<<<<

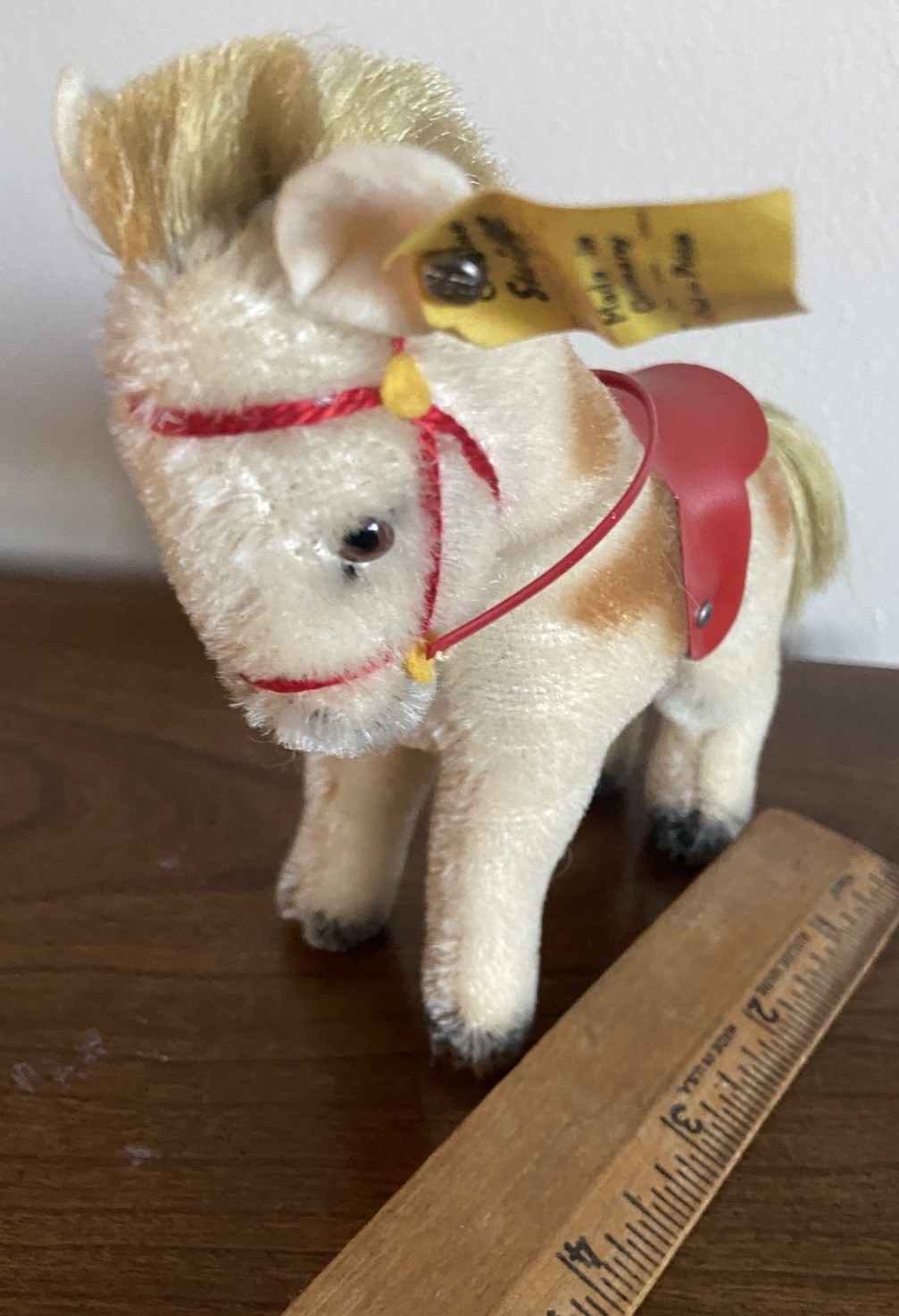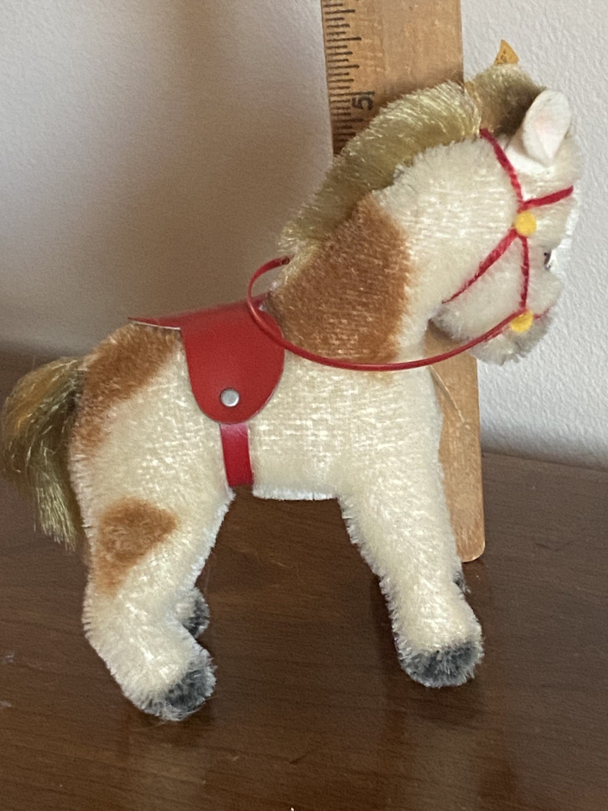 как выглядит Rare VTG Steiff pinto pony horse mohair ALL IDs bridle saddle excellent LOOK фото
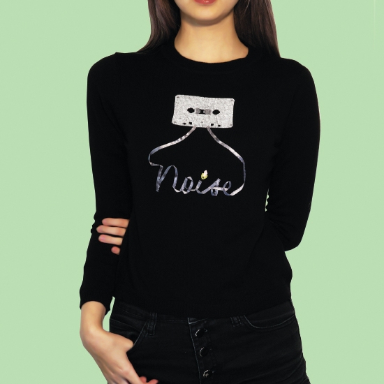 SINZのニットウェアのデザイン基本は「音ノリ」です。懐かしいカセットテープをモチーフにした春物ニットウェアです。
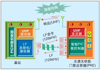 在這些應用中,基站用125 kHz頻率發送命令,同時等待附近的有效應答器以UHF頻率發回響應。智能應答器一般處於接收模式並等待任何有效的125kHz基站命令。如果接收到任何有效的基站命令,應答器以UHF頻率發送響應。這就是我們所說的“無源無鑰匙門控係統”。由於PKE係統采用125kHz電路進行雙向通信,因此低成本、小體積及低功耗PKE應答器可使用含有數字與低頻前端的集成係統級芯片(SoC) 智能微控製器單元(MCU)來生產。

>>>>

■ What needs to be done: Copy the listing above in full and exactly, but omit each picture that it holds.

■ Response for this exercise:
 как выглядит Rare VTG Steiff pinto pony horse mohair ALL IDs bridle saddle excellent LOOK фото
 SINZのニットウェアのデザイン基本は「音ノリ」です。懐かしいカセットテープをモチーフにした春物ニットウェアです。
 在這些應用中,基站用125 kHz頻率發送命令,同時等待附近的有效應答器以UHF頻率發回響應。智能應答器一般處於接收模式並等待任何有效的125kHz基站命令。如果接收到任何有效的基站命令,應答器以UHF頻率發送響應。這就是我們所說的“無源無鑰匙門控係統”。由於PKE係統采用125kHz電路進行雙向通信,因此低成本、小體積及低功耗PKE應答器可使用含有數字與低頻前端的集成係統級芯片(SoC) 智能微控製器單元(MCU)來生產。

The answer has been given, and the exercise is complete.